Create a new GPU instance. The command blocks until the instance reaches Running status, so when it returns, your instance is ready to use.

OptionShortDefaultDescription
--gpu-g(required)GPU type (run jl gpus to see options)
--template-tpytorchFramework template (run jl templates to see options)
--storage-s40Storage in GB
--name-n"Name me"Instance name (max 40 characters)
--num-gpus1Number of GPUs
--regionRegion pin (e.g. IN1, IN2, EU1)
--http-portsComma-separated HTTP ports to expose (e.g. 7860,8080)
--script-idStartup script ID to run on launch
--script-argsArguments passed to the startup script
--fs-idFilesystem ID to attach
--yes-ySkip confirmation
--jsonOutput as JSON
# Basic instance
jl instance create --gpu RTX5000

# H100 with more storage and a name
jl instance create --gpu H100 --storage 200 --name "training-box"

# With a startup script and filesystem
jl instance create --gpu A100 --script-id 42 --fs-id 10

# Pin to a region
jl instance create --gpu A100 --region EU1

# Expose HTTP ports
jl instance create --gpu RTX5000 --http-ports "7860,8080"

# VM instance (requires SSH key - add one first with jl ssh-key add)
jl instance create --gpu H100 --template vm --name "my-vm"

# Non-interactive
jl instance create --gpu RTX5000 --yes --json

Prompts for confirmation unless --yes is passed. See Regions & GPUs for which GPUs are available in each region and storage constraints.

jl instance pause <machine_id>

Pause a running instance.

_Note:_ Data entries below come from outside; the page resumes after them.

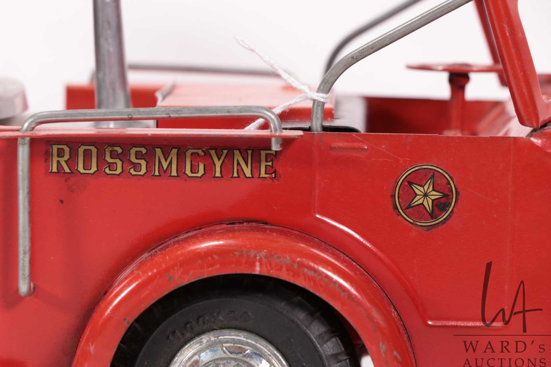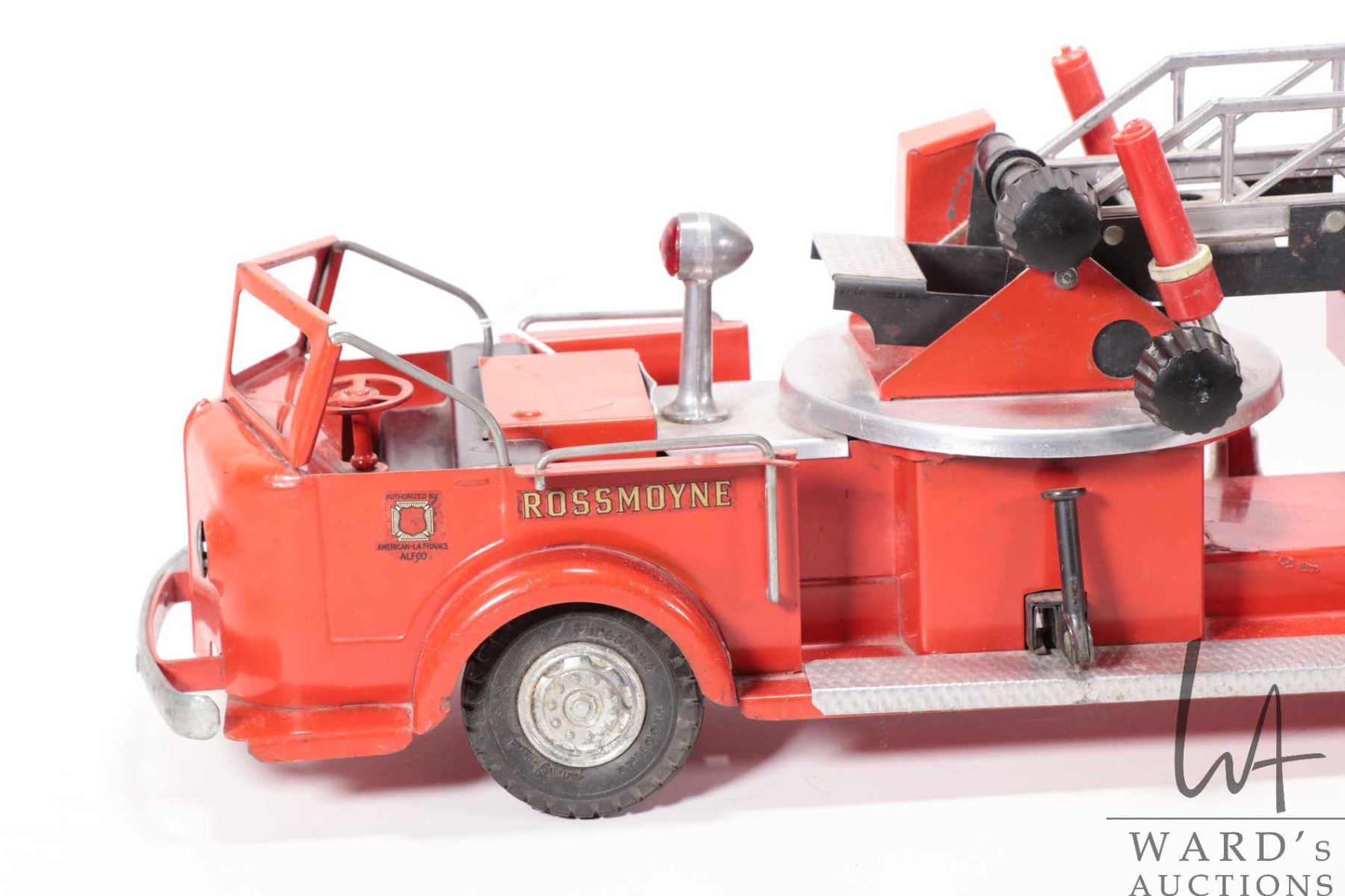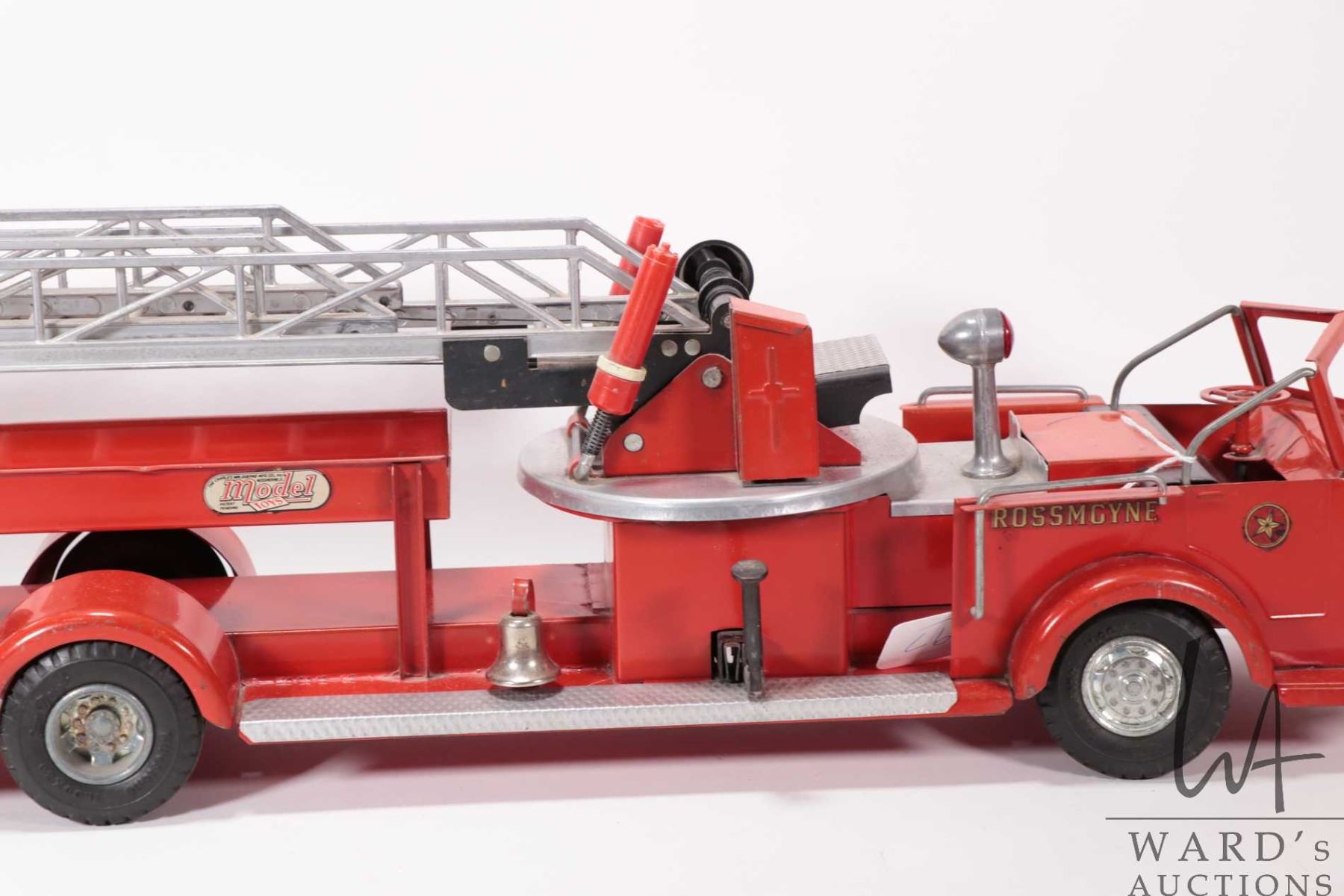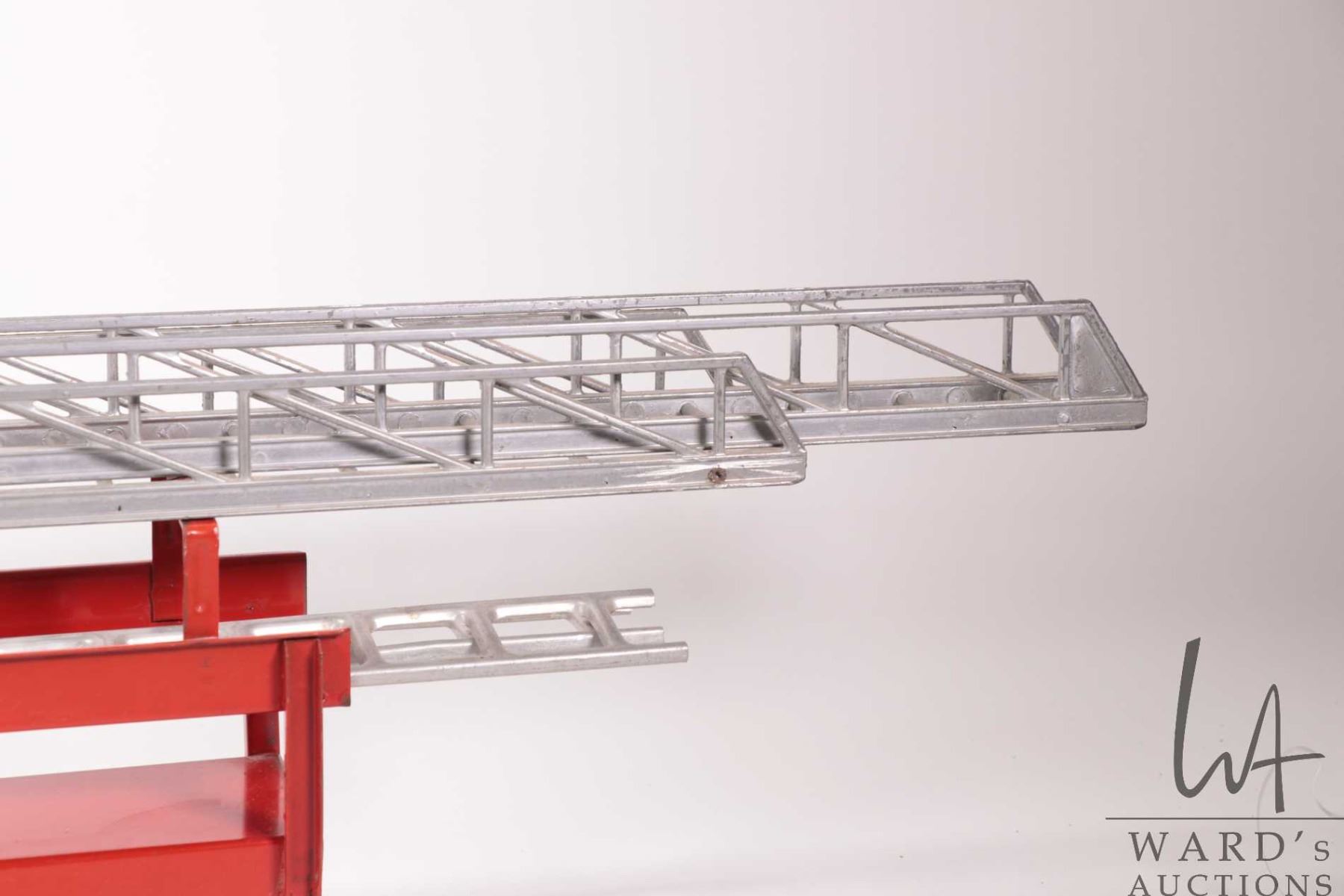 Vintage stamped tin ladder truck marked "The Charles W.M. Doepke Mfg. Co., Rossmoyne Model Toys" wit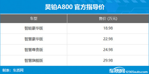 2026年3月4日,广汽昊铂官方宣布旗下全新中大型车――昊铂A800正式上市,共推出4款车型,官方指导价区间18.98-29.98万元,限时置换补贴价16.48-27.48万元。新车搭载增程式动力系统,配备华为乾��ADS V4.1辅助驾驶系统、鸿蒙座舱HarmonySpace 5等配置。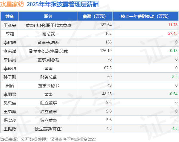 证券之星消息,水星家纺发布2025年年报,数据显示:公司主营收入45.28亿元,同比增7.99%。归母净利润为4.07亿元,同比增10.96%。扣非净利润为3.54亿元,同比增6.29%。当年公司员工总数3270人,同比减4.91%。人均薪酬19.11万元(注:"人均薪酬"根据定期报告中"应付职工薪酬"附注的本期增加值 / 员工总数计算而来),同比增7.77%。人均创收138.48万元,同比增13.57%。人均创利12.44万元,同比增16.67%。其中管理层薪酬总额为933.18万元,同比上一年减8.61%,薪酬最高的为董事(离任),职工代表董事王彦会,薪酬182.64万元。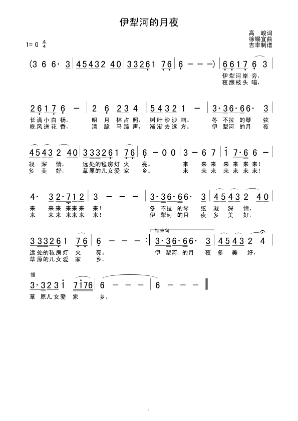 伊犁河的月夜 简谱 曲谱 歌谱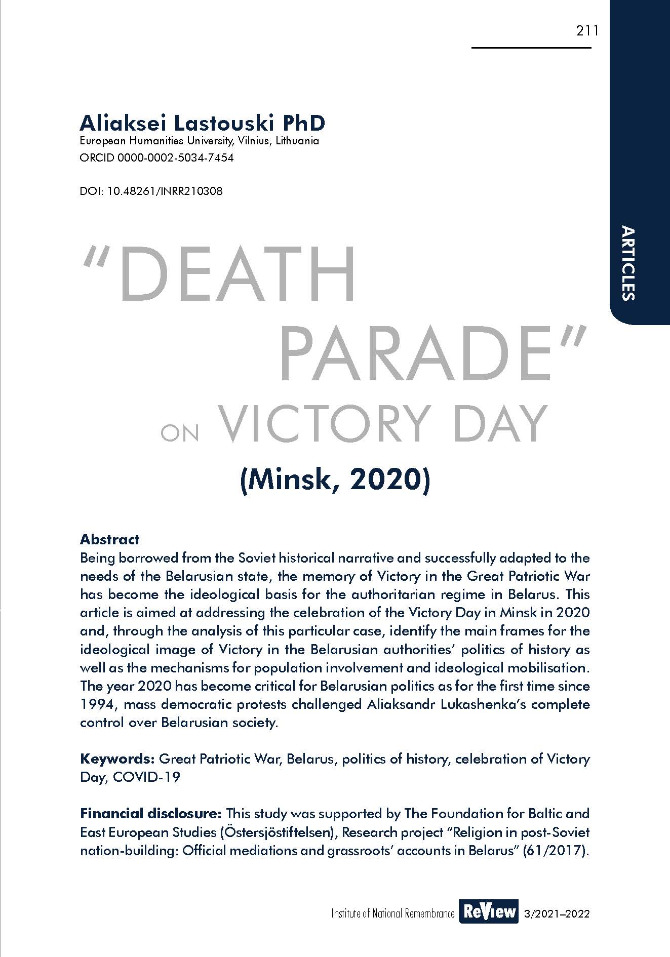 Abstract: Being borrowed from the Soviet historical narrative and successfully adapted to the needs of the Belarusian state, the memory of Victory in the Great Patriotic War has become the ideological basis for the authoritarian regime in Belarus. This article is aimed at addressing the celebration of the Victory Day in Minsk in 2020 and, through the analysis of this particular case, identify the main frames for the ideological image of Victory in the Belarusian authorities’ politics of history as well as the mechanisms for population involvement and ideological mobilisation. The year 2020 has become critical for Belarusian politics as for the first time since 1994, mass democratic protests challenged Aliaksandr Lukashenka’s complete control over Belarusian society.

Compute billing stops; a small storage cost continues.

OptionShortDescription
--yes-ySkip confirmation
--jsonOutput as JSON
jl instance pause 12345
jl instance pause 12345 --yes --json

jl instance resume <machine_id>

Resume a paused instance. You can also use this opportunity to change the GPU type, expand storage, rename the instance, or attach a different startup script or filesystem. The command blocks until the instance is running again.

OptionShortDescription
--gpu-gResume with a different GPU type
--num-gpusChange number of GPUs
--storage-sExpand storage in GB (can only increase, never shrink)
--name-nRename instance on resume
--script-idStartup script ID to run on resume
--script-argsArguments for the startup script
--fs-idFilesystem ID to attach
--yes-ySkip confirmation
--jsonOutput as JSON
# Resume with defaults
jl instance resume 12345

# Resume with a bigger GPU
jl instance resume 12345 --gpu H100

# Resume with more storage and a new name
jl instance resume 12345 --storage 200 --name "upgraded"
Region Lock & ID Changes

Resume is region-locked — an instance always resumes in its original region. If you request a GPU type not available in that region, the API returns an error.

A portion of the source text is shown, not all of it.